### Work task
Give back the data exactly, with no images.

### Given material
##########
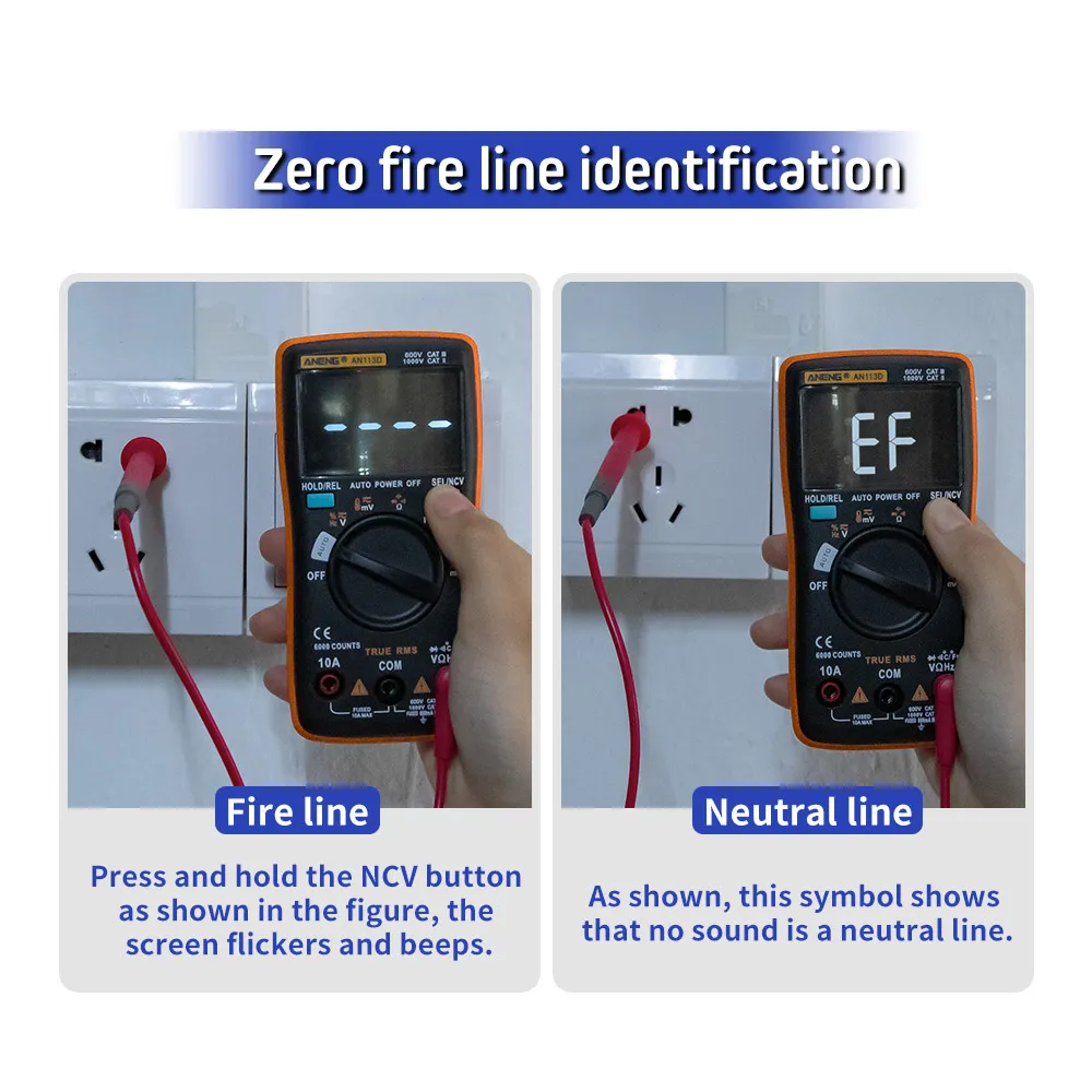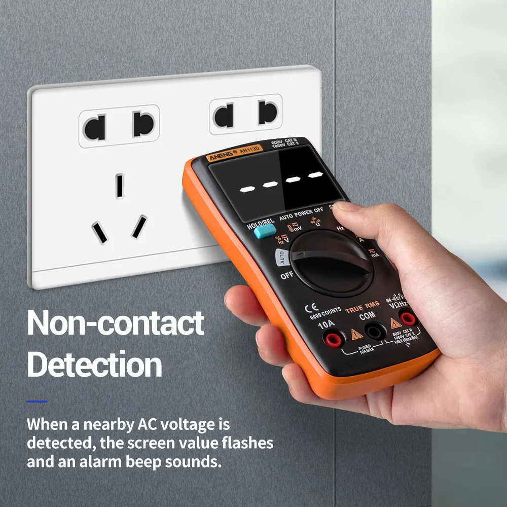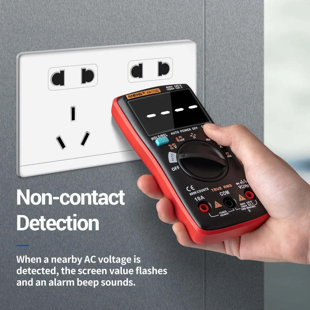 Встроенный датчик, поддерживает Бесконтактное обнаружение, при обнаружении рядом напряжения переменного тока, значение экрана мигает и звуковой сигнал тревоги.
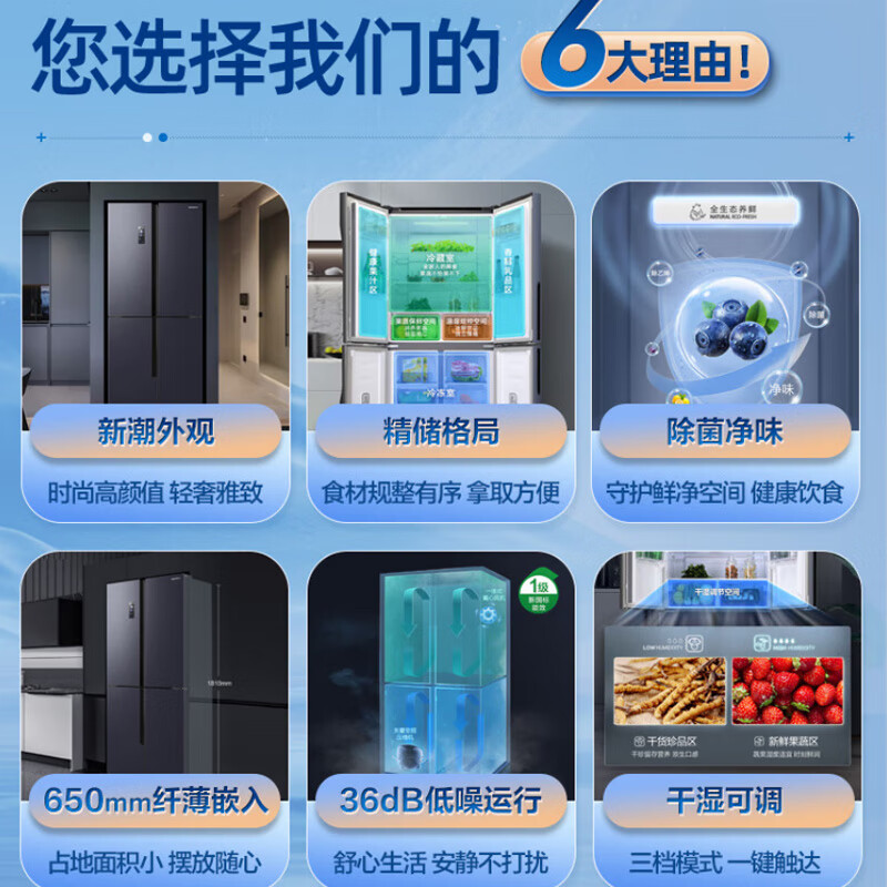 5、冰箱收到了,制冷超快,外形好看,保鲜效果很好,容量超大又静音,物流快太度又好,还特别叮嘱放几个小时才插电,直得入手
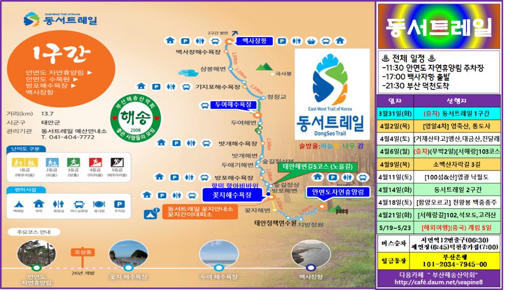 한반도를 횡단하는 길, 태안 안면도 자연휴양림에서 울진 금강소나무길 까지 연결 된 849km의 여정의 길을 열어 본다.
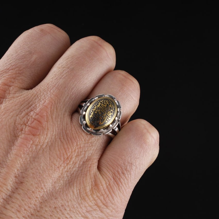 انگشتر نقره مردانه حدید هفت جلاله روکش برنجی اصل ( انگشتر حدید )
##########
### Result below
 Встроенный датчик, поддерживает Бесконтактное обнаружение, при обнаружении рядом напряжения переменного тока, значение экрана мигает и звуковой сигнал тревоги.
 5、冰箱收到了,制冷超快,外形好看,保鲜效果很好,容量超大又静音,物流快太度又好,还特别叮嘱放几个小时才插电,直得入手
 한반도를 횡단하는 길, 태안 안면도 자연휴양림에서 울진 금강소나무길 까지 연결 된 849km의 여정의 길을 열어 본다.
 انگشتر نقره مردانه حدید هفت جلاله روکش برنجی اصل ( انگشتر حدید )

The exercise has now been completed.